═══ Material for this task

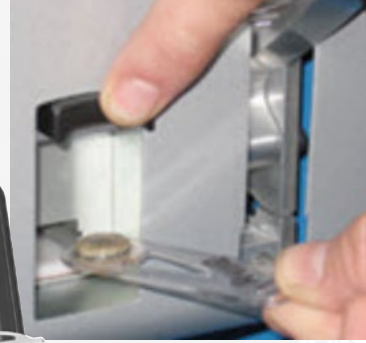
Figure 2: A four module portable analyzer
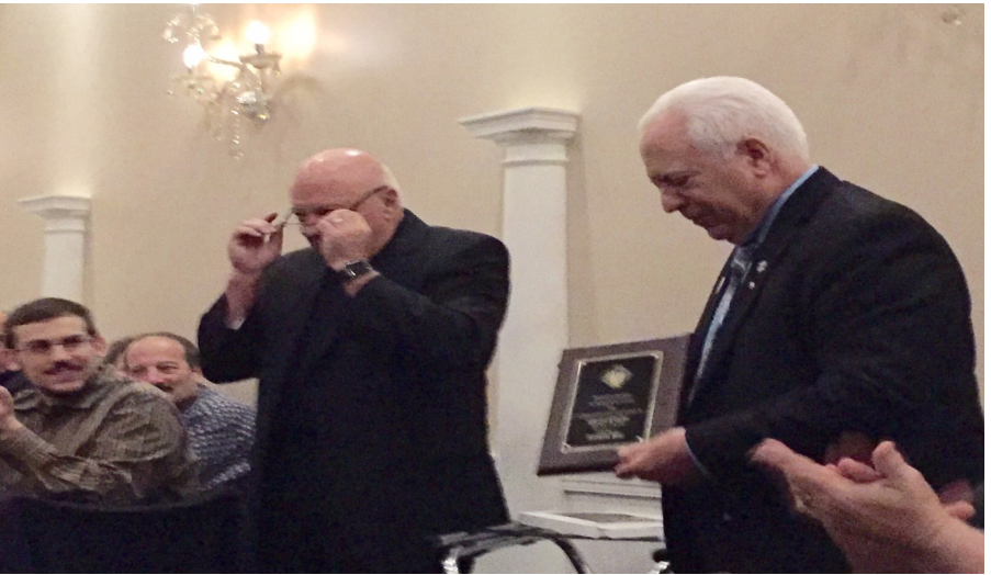
ored for the trehas done as the the past two
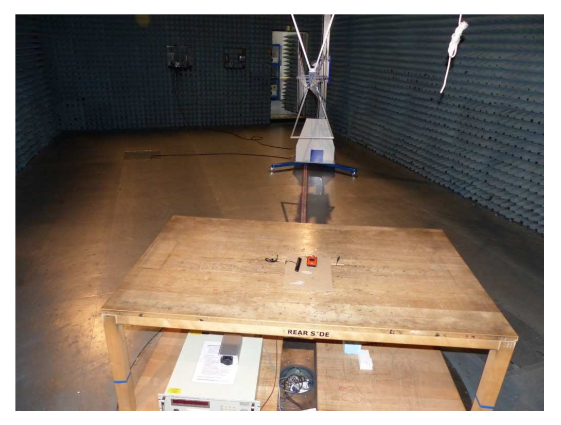
Photo 2: Test setup for radiated measurements (Enclosure, semi-anechoic chamber, 30 MHz to 1 GHz, intentional radiator §15)
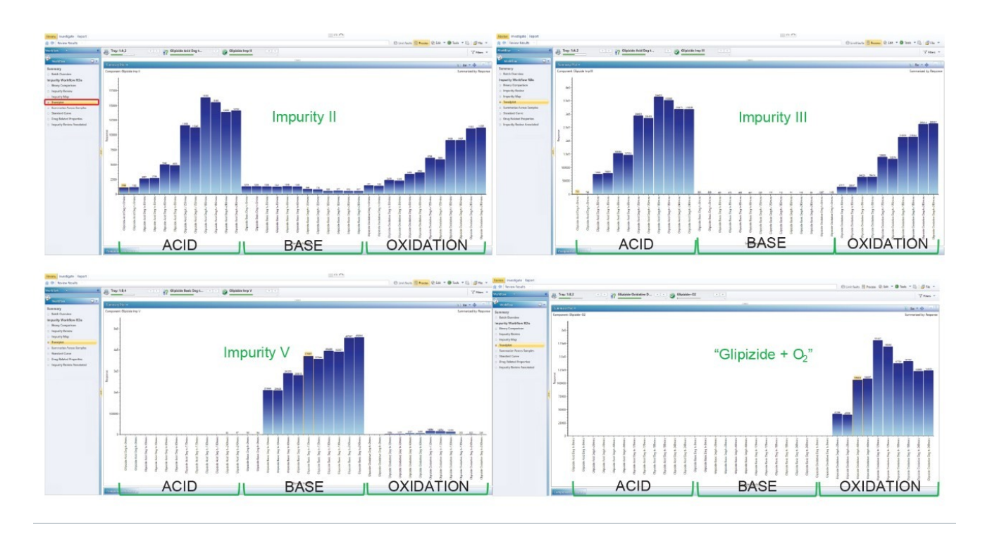
Figure 6. Trend plots across all chemical stressing conditions. Impurity II (top left), Impurity III (top right), Impurity V (bottom left), and the oxidation product at m/z 478.1751, (bottom right).
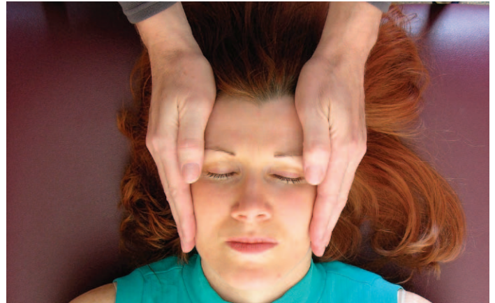
Head Position 2
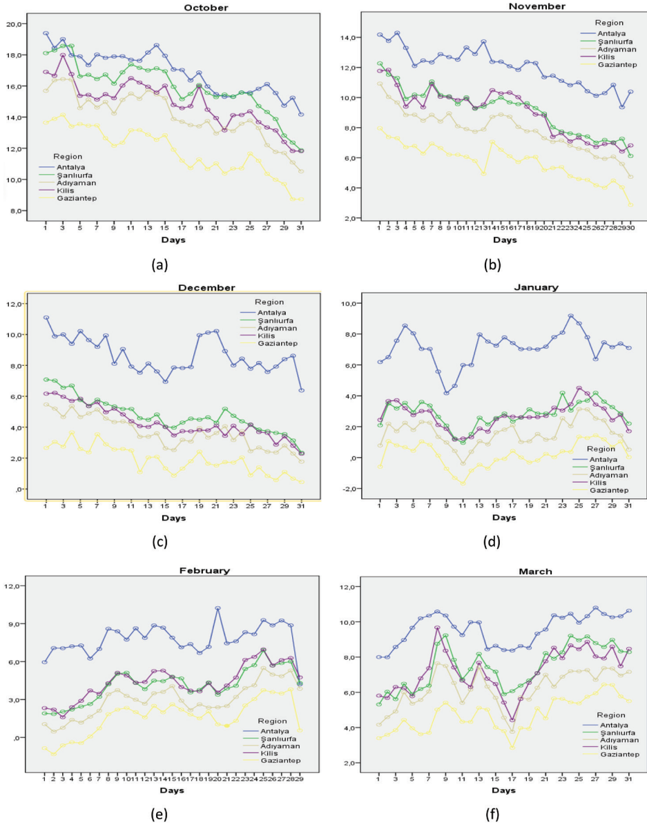
Figure 2. Average minimum temperature distribution by days for the study area in October (a), November (b), December (c), January (d), February (e), March (f)
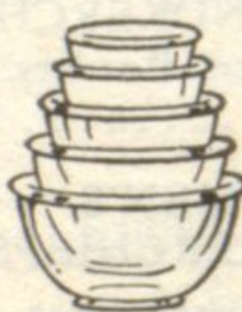
Mixing Bowls Glass, set of 5, 75c
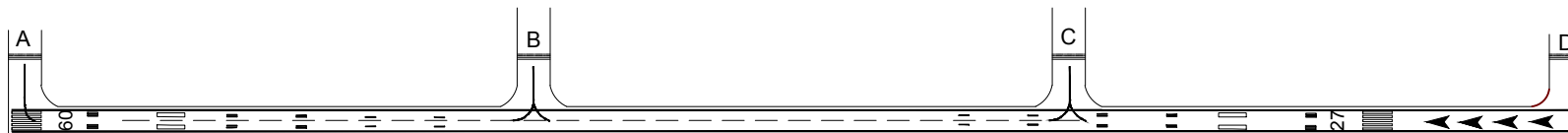
ILUMINACION RWY 09/27 Y SALIDA TWY - LIGHTING RWY 09/27 AND EXIT TWY
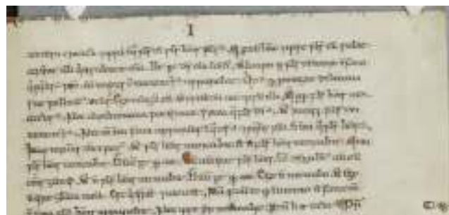
CCCC MS 199, f. 11r
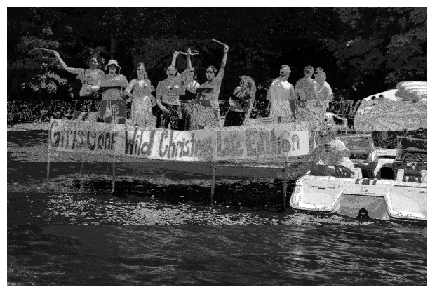
Shark – "Girls Gone Wild Christmas Lake Edition" (Larsons)
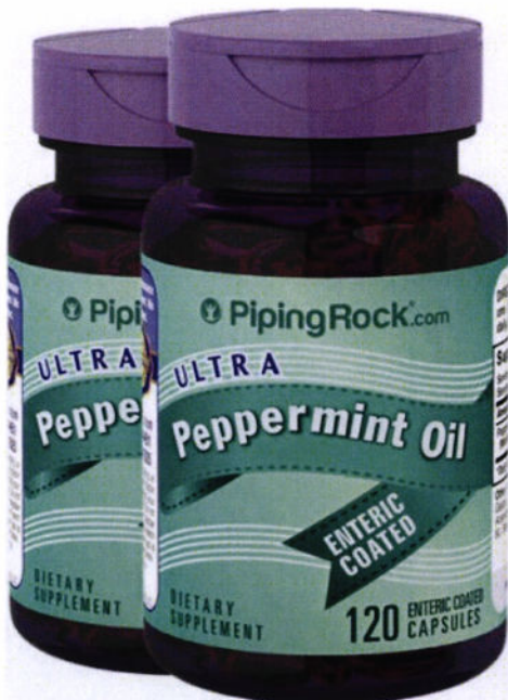
Figure 4. PIPING ROCK Ultra Peppermint Oil Dietary Supplement Capsules
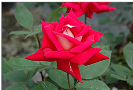
Love Rose flowers

This shrub should only be grown in full sunlight. It does best in average to evenly moist conditions, but will not tolerate standing water. It is not particular as to soil type or pH. It is somewhat tolerant of urban pollution. This particular variety is an interspecific hybrid.
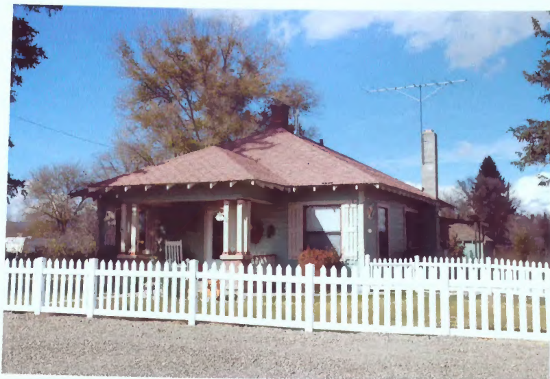
50 W. 200 South Photograph 33
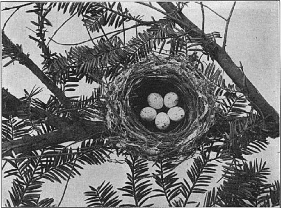
Fig. 27. NEST AND EGGS OF THE HERMIT WARBLER, THE RAREST OF THE SIERRAN WARBLERS. THIS NEST WAS SITUATED IN A YEW GROWING IN THE DENSE FOREST NORTH OF FYFFE. THE SET SHOWN IS THE FIRST TO BE FOUND CONTAINING FIVE EGGS.

Most of the day was spent in Webber Canyon, where a number of Western

══════

- _About this task_:
Where a picture appears in the records above, omit it, and transcribe exactly the stretch of lines from the one with "Gone Wild Christmas" through the one with "Fig. 27. NEST".

- _Written solution_:
Shark – "Girls Gone Wild Christmas Lake Edition" (Larsons)
Figure 4. PIPING ROCK Ultra Peppermint Oil Dietary Supplement Capsules
Love Rose flowers

This shrub should only be grown in full sunlight. It does best in average to evenly moist conditions, but will not tolerate standing water. It is not particular as to soil type or pH. It is somewhat tolerant of urban pollution. This particular variety is an interspecific hybrid.
50 W. 200 South Photograph 33
Fig. 27. NEST AND EGGS OF THE HERMIT WARBLER, THE RAREST OF THE SIERRAN WARBLERS. THIS NEST WAS SITUATED IN A YEW GROWING IN THE DENSE FOREST NORTH OF FYFFE. THE SET SHOWN IS THE FIRST TO BE FOUND CONTAINING FIVE EGGS.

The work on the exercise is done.